South Korean Tax Avoiders Lose $768,500 in Crypto Assets


The tax officials in Hwaseong, South Korea, have taken cryptocurrency assets worth more than $768,500, dealing another blow to the “tax dodgers” in the country.

According to tax officials, they were able to confiscate $567,000—a staggering amount—from only one person. The action is a continuation of a statewide crackdown.

Successive administrations in South Korea have reversed their stances and postponed plans to impose taxes on cryptocurrency trading earnings.

But the government suspects that many citizens have adopted cryptocurrency as a means of hiding their wealth.

In order to find proof of unreported income, tax officials may now search for data from local cryptocurrency exchanges.

The city started looking into the person in question after discovering they hadn’t paid their fair share of municipal taxes and income tax levies, according to Newsis.

However, Hwaseong tax authorities could keep tabs on the person’s cryptocurrency activities with the use of a brand new “electronic management system that can track virtual assets].

In October of last year, the city started using the new platform.
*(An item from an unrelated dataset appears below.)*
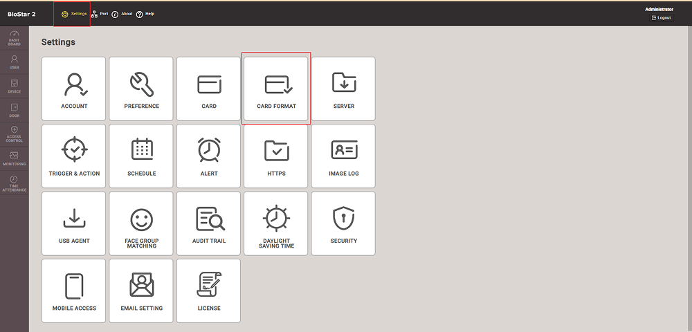 Fill in your BioStar 2 credentials to log in, go to the setting page, and select Card Format.

After the media source identified the suspect solely as “A,” officials turned to this method in their investigation.

Upon first inspection, city authorities determined that A did not seem to be a property owner, did not own any liquid assets, and did not reside at a registered Hwaseong address.
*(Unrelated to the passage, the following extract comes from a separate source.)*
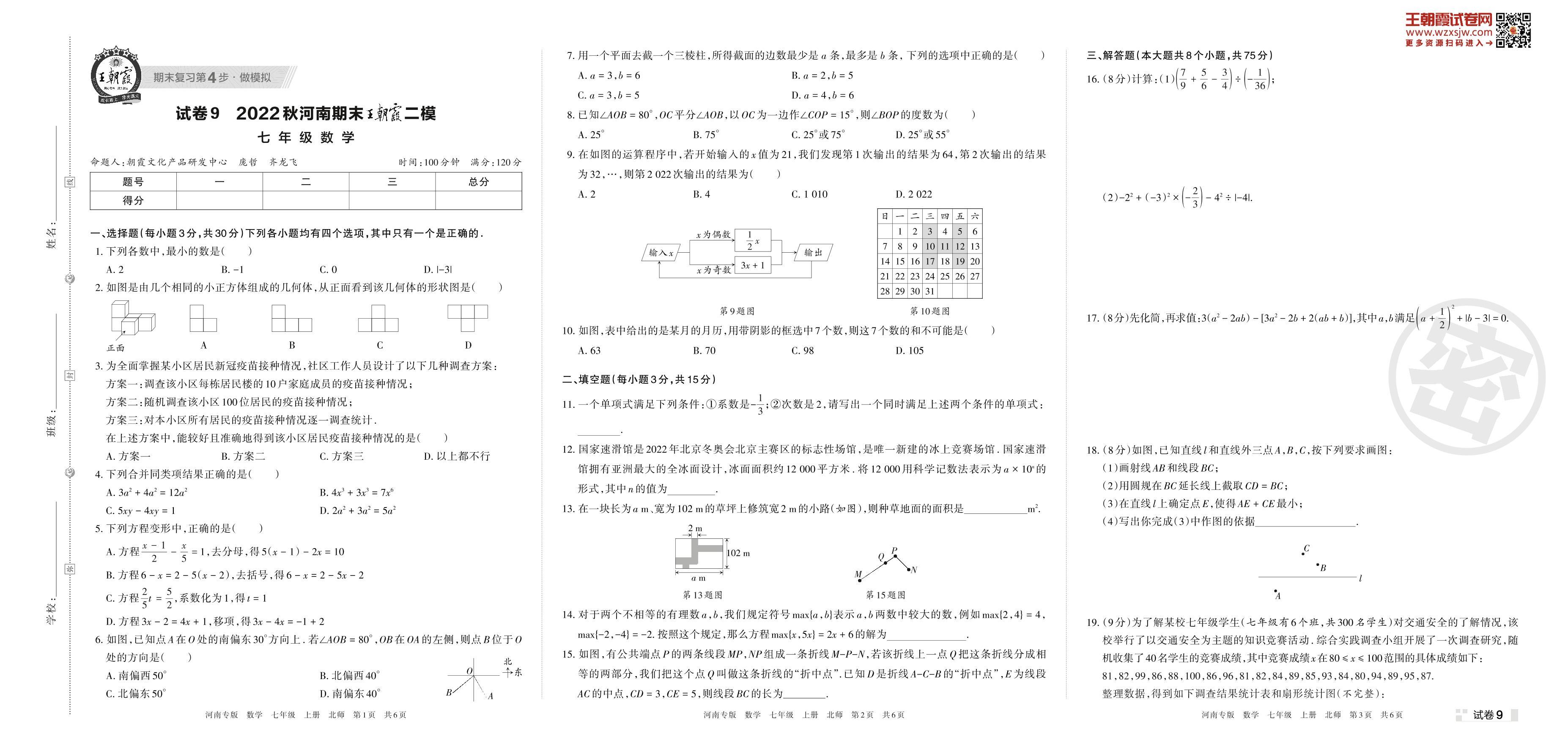 王朝霞期末模拟卷七年级上册数学(北师版)_R221114160338926【9】

Together with the National Tax Service, the authorities began a broader investigation. They interrogated members of A’s family as well.

Officials started to think that A could have been using cryptocurrency to cover expenses eventually. The authorities discovered A’s cryptocurrency assets using data from crypto exchanges and used them to settle A’s tax debts.
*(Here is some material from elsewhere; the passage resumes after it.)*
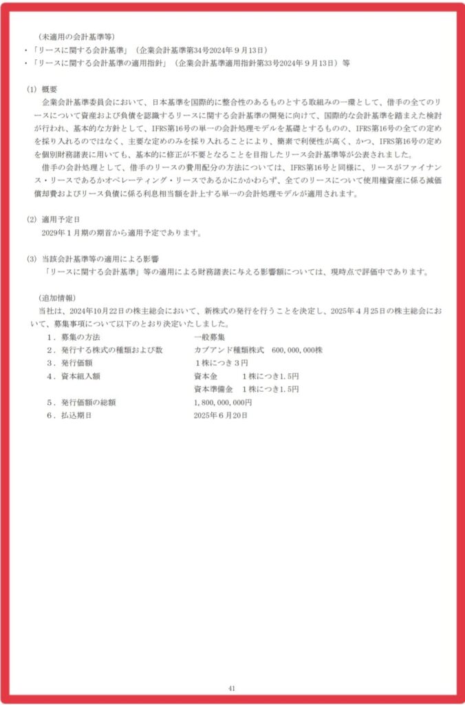 これで2025.12.22にカブアンド社の株式数は42億になりますね。

The 568 residents who had gone into serious tax arrears were also the subject of an investigation by the city.

The relevant tax authority looked into each instance to see if any cryptocurrency wallets with these names were located.

At last, the police found out that one hundred of the suspects “had virtual assets.” Their seizure of cryptocurrency from these “tax dodgers” amounted to $201,500.

It seems that some of these people paid the city “voluntary” cash to prevent the forced sale of their cryptocurrency holdings.

The chief of the city’s tax collecting department, Oh Chu-seop, stated: “Those who routinely avoid paying their fair share of taxes should expect firm punishment from us. That involves taking possession of their own property.”

Using a similar method, the Gyeonggi province was able to recoup $4.6 million in overdue taxes from cryptocurrency holders in February.

South Korean tax evaders should brace themselves, for the authorities are on the hunt. In 2023, tax authorities reported seizing tokens valued at $28.4 million from individuals they deemed as “delinquents.”

South Korea’s governing party has suggested postponing cryptocurrency capital gains tax for the time being.

With this postponement, tax plans would be farther down the road, and South Koreans would not have to pay taxes on their coin profits until at least 2027.